How to sample from a Scala array efficiently

Question

I want to sample from a Scala array, the sample size can be much larger than the length of the array. How can I do this efficiently? By using the following code the running time is linear to the sample size, when the sample size is very big it is slow if we need to do the sampling many times:

def getSample(dataArray: Array[Double], sampleSize: Int, seed: Int): Array[Double] =
{
  val arrLength = dataArray.length
  val r = new scala.util.Random(seed)
  Array.fill(sampleSize)(dataArray(r.nextInt(arrLength)))
}

val myArr= Array(1.0,5.0,9.0,4.0,7.0)
getSample(myArr, 100000, 28)

Answer 1

it is easy with a list. Use the following implicit function

object ListImplicits {
  implicit class SampledArray[T](in: List[T]) {
    def sample(n: Int, seed:Option[Long]=None): List[T] =  {
      seed match {
        case Some(s) => Random.setSeed(s)
        case _ => // nothing
      }
      Random.shuffle(in).take(n)
    }
  }
}

And then import the object and use collection conversions to switch from Array to list (slight overhead):

import ListImplicits.SampledArray
val n = 100000
val list = (0 to n).toList.map(i => Random.nextInt())
val array = list.toArray

val t0 = System.currentTimeMillis()
array.toList.sample(5).toArray
val t1 = System.currentTimeMillis()
list.sample(5)
val t2 = System.currentTimeMillis()

println( "Array (conversion) => delta = " + (t1-t0) + " ms")  // 10 ms
println( "List => delta = " + (t2-t1) + " ms")  // 8 ms

Answer 2

The probability that any given element of an array of length $n$ appears at least once in a sample of size $k$ is $1-(1-1/n)^k$. If this value is close to 1, which occurs when $k$ is large compared to $n$, then the following algorithm might be a good choice depending on your needs:

import org.apache.commons.math3.random.MersennseTwister
import org.apache.commons.math3.distribution.BinomialDistribution

def getSampleCounts[T](data: Array[T], k: Int, seed: Long): Array[Int] = {
  val rng = new MersenneTwister(seed)
  val counts = new Array[Int](data.length)
  var i = k
  do {
    val j = new BinomialDistribution(rng.nextLong(), i, 1.0/i)
    counts(i) = j
    i -= j
  } while (i > 0)
  counts
}

Note that this algorithm does not return a sample. Instead it returns an Array[Int] whose $i$-th entry is equal to the number of times data(i) appears in the random sample. This may not be suitable for all applications, but for some use cases having the sample in the form of some sort of Iterable over (value, count) pairs (which can be obtained by data.view.zip(getSampleCounts(data, k, seed)), for example) is actually very convenient since it often enables us to do a computation once for groups of samples (since they are equal.) For example, suppose I had an expensive function f: T => Double and I wanted to compute the sample mean of f applied to a random sample of size $k$ draw from data. Then we could do the following:

data.view.zip(getSampleCounts(data, k, seed)).map({case (x, count) => f(x)*count}).sum/k

This computation for the sample mean evaluates f $n$ instead of $k$ times (recall that we are assuming that $k$ is large compared to $n$.)

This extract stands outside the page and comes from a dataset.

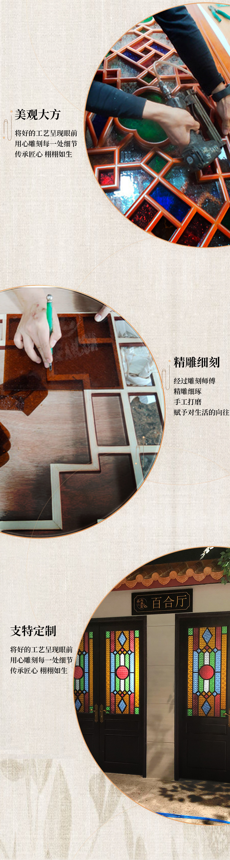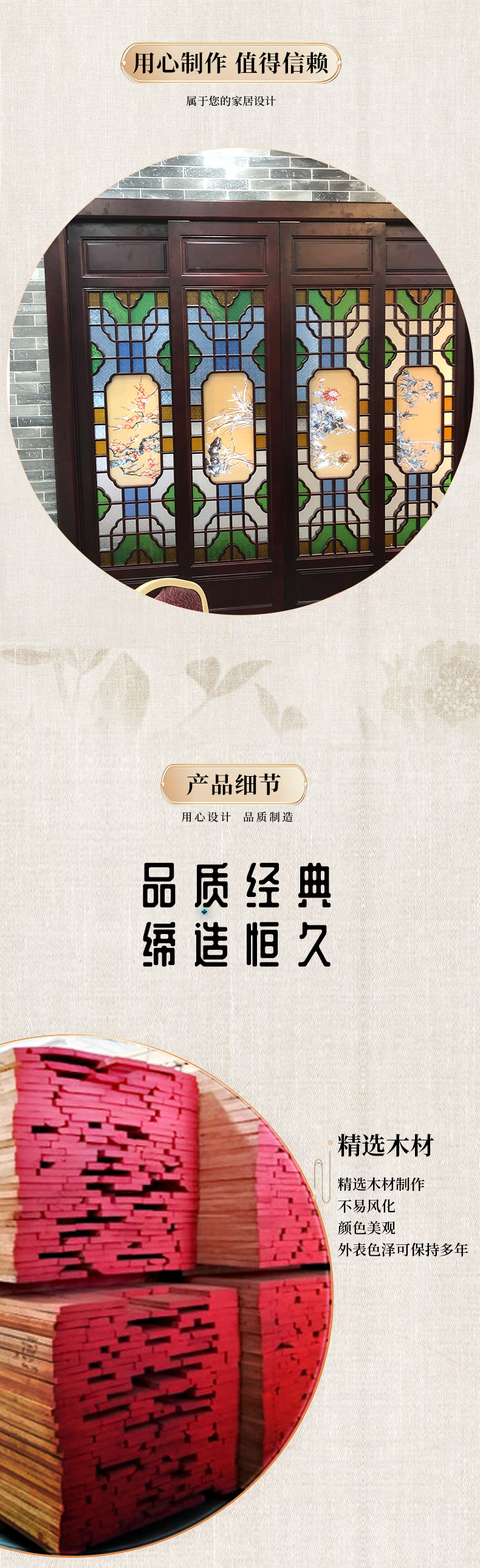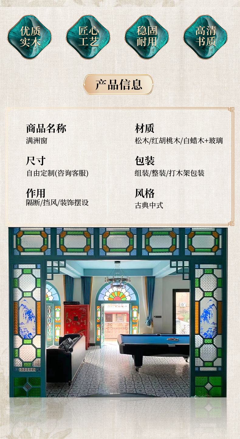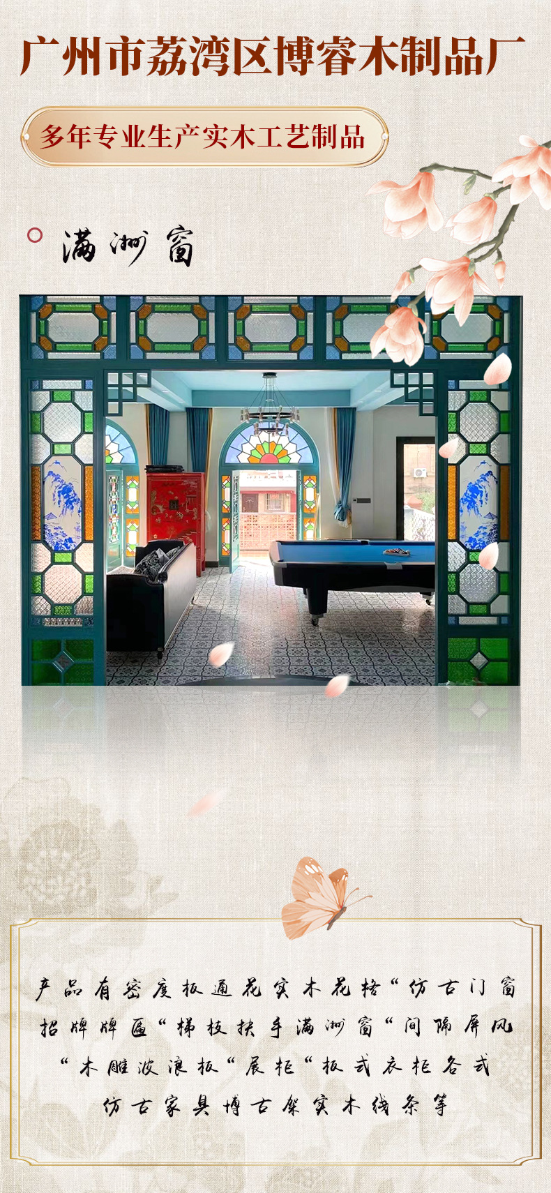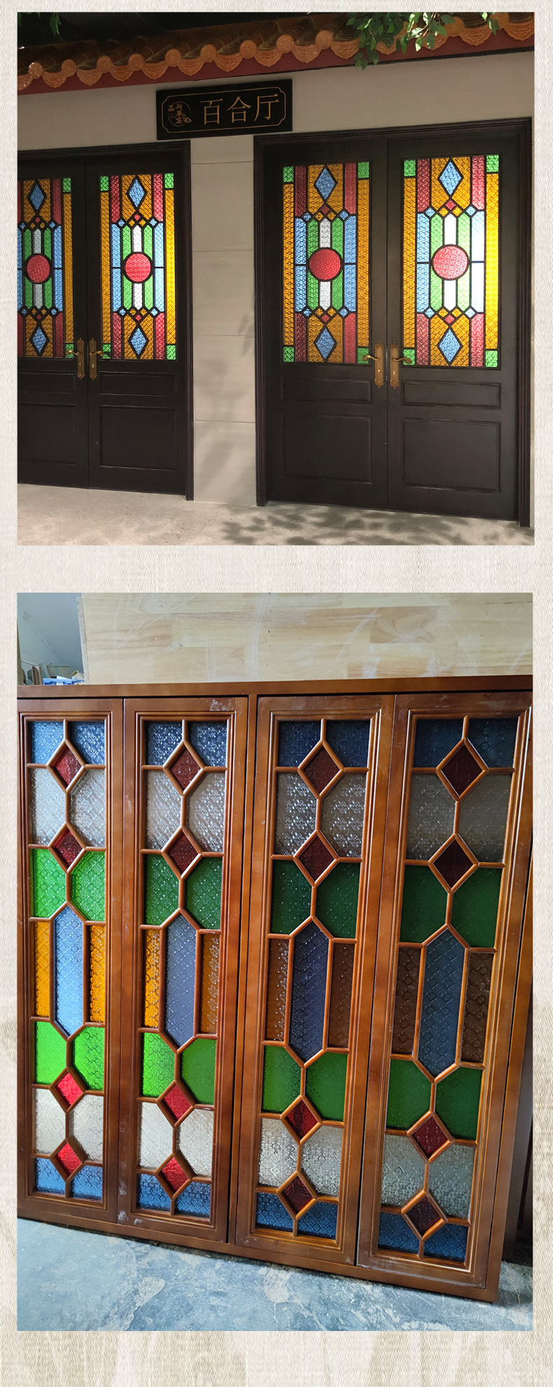 支持定制 满洲窗西关风格海棠花彩色玻璃仿古门窗新中式实木花窗

Note that getSampleCounts will loop at most $n$ times where $n$ is data.length. Also, sampling from the binomial distribution in each iteration, assuming this is done in a reasonable fashion in the apache.commons.math3 library, should have complexity no worse than $O(\log k)$ (inverse CDF method and binary search.) So the complexity of the above algorithm is $O(n \log k)$ where $n$ is data.length and $k$ is the number of samples you want to draw.

Answer 3

To make this sampling program run faster, use Akka actor framework to run the sampling jobs in parallel. Create a master actor for distributing the sampling works to Worker actors and also to concatenate the elements from different workers. So each Worker actor would prepare/collect a fixed number of sample elements and give back the resulting collection as an immutable array to the master. Upon receiving the 'WorkDone' user-defined message from Worker, the Master actor concatenates the elements into the final collection.

Answer 4

There is no way around it. If you need to take N elements with constant time element access the complexity will be O(n) (linear) no matter what.

You can deffer/amortize the cost by making it lazy. For instance you can return a Stream or Iterator that evaluates each element as you access it. This will help you save on memory usage if you can fold that stream as you are consuming it. In other words you can skip the copy part and work directly with initial array - not always possible, depends on the task.